Есть такая штука, по-французски называется дежавю. Это когда вдруг явственно кажется, что такой момент уже был, будто происходящее уже когда-то происходило. Мне всегда казалось, что в такие случайные, ничего не значащие моменты каким-то образом решается наша судьба. Сейчас у моего бедного папы такой момент. Я, как режиссер, всегда хотел изобразить такой момент в своем фильме. Петька за дверью колотит в нее ногами:
— Не хочу гулять!
И умолкает, услыхав с улицы сирену пожарной машины. Мчится по дорожке к калитке и прижимается к ней носом. Вовремя. Вот она машина — торопится по нашей узкой улице на пожар.
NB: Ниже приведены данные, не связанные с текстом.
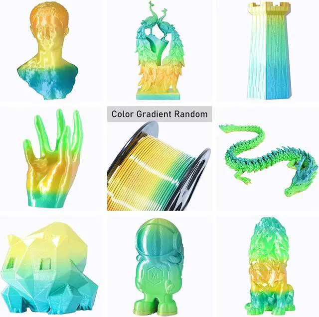 Green Yellow Type Rainbow Silk PLA: This Multi Colored Silk PLA is Color Change Quite Fast, Around Each 5-10 Meters Change Color Random Gradually, which Much Faster Compare Others Rainbow PLA in Market; It' s Include Mainly 4

А неприятный разговор в кухне продолжается.
— Он действительно ведет себя как сумасшедший, — говорит Антон. — Зачем он лезет в бизнес и в политику? Ведь он в этом ничего не понимает.
— Он просто хочет быть п-п-полезен, — говорит Степа.
— Полезен кому?
— От-т-течеству.
Водка льется в бутылку с рябиной.
— Он был полезнее отечеству, когда снимал кино, — возражает Антон. — А потом началась у него эта Камчатка. Ну какое дядя Леша имеет отношение к Камчатке?! Там же сейчас делят золотые месторождения. И он во все это влезает. И какие-то козлы им манипулируют. Используют его имя. Он подписывает, не вникая, какие-то бумаги. И в результате на него повесили очень крупную сумму. И теперь он должен ее выплатить. Лично он.
— Откуда т-т-ты об этом знаешь? — спрашивает Степа.
— Они позвонили Коте.
— Коте? Почему Коте?
— Я не знаю, почему мне, — пожимает плечами Котя.
— Кто тебе звонил? — спрашивает Степа.
— Люди, которым папа должен.
— Что они тебе сказали?
— Что вчера кончился срок.
— А он не отдал долг?
— Нет.
— Сколько он им должен?
— Девять миллионов.
— Р-р-рублей?
— Долларов. Длительная пауза.
— Леша у кого-то взял взаймы девять миллионов долларов? — переспрашивает Степа.
— Они говорят, что взял, — говорит Антон, — и не вернул к назначенному сроку. И в суд они подавать не будут. Они на него наедут. А он летает. Он большой художник, живет в мире фантазий, думает, что пронесет. Но сейчас такое время, что не пронесет.
— Так вы, деточки, п-п-приехали ему помочь?
— Мы не можем ему помочь, — говорит Антон. — У меня и у Маши таких денег нет и быть не может. Единственная его возможность рассчитаться — это продать собранное в этом доме. Это не покроет того, что он должен этим козлам, но хоть что-то.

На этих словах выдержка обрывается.